Multimodal Pain Management:

* NSAIDs should never be the sole pillar of chronic pain management in a CKD cat. Continue gabapentin.
* Consider adding other non-NSAID analgesics:
* Amantadine: An NMDA receptor antagonist that can help with chronic neuropathic pain and central sensitization. Dose: 3-5 mg/kg PO q24h.
* Environmental Modifications: Easy access to resources, soft bedding, ramps, gentle exercise.
* Weight Management: If overweight, weight loss can significantly reduce joint strain.
* Acupuncture/Laser Therapy: Can be very beneficial for OA pain in some cats.

NSAID to AVOID for Chronic Use in CKD Cats: Meloxicam (Metacam®)
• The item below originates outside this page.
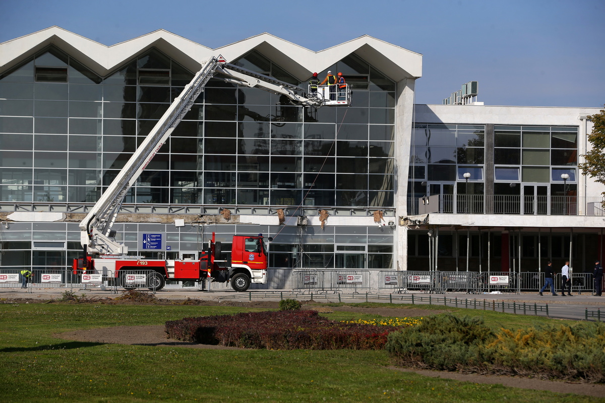 epa11697130 Emergency services examine the site following the collapse of the canopy at the railway station in Novi Sad, Serbia, 02 November 2024. Fourteen people lost their lives in the collapse of the Novi Sad Railway Station canopy that occurred on 01 November, as stated by Interior Minister Ivica Dacic. The mayor of Novi Sad, Milan Djuric, reported over 30 injuries in the incident, which occurred just before noon. The recently renovated station building, reopened on 05 July 2024, was undergoing another renovation shortly before the collapse. EPA/ANDREJ CUKIC
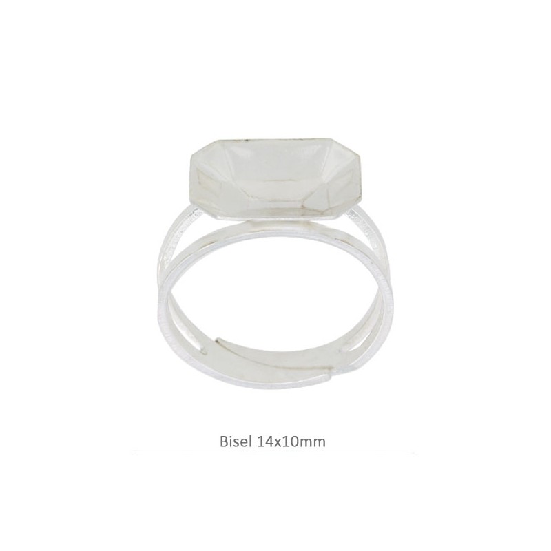 Bague en argent 925 avec lunette rectangulaire de 14 x 10mm dans la zone supérieure spécialement conçue pour les cristaux Swarovski rectangulaires.

While meloxicam is approved for a single subcutaneous injection in cats for surgical pain, its chronic oral use in cats is associated with a significantly higher risk of renal failure, particularly at doses used in dogs. The FDA has issued specific warnings against its chronic use in cats. Given the availability of robenacoxib and the known CKD, I would strongly advise against chronic meloxicam for this patient.

Conclusion

For your patient, robenacoxib (Onsior®) at 1 mg/kg PO every 48-72 hours, following a very short initial daily trial, is the most defensible NSAID choice. However, this decision must be made with the understanding that it carries inherent risks in a CKD patient. Rigorous pre-assessment, a highly conservative dosing strategy, and vigilant monitoring are absolutely critical. If pain can be managed effectively with gabapentin and other adjunctive therapies, avoiding an NSAID entirely remains the safest option for the kidneys.

High confidence – based on current evidence and clinical experience in feline internal medicine.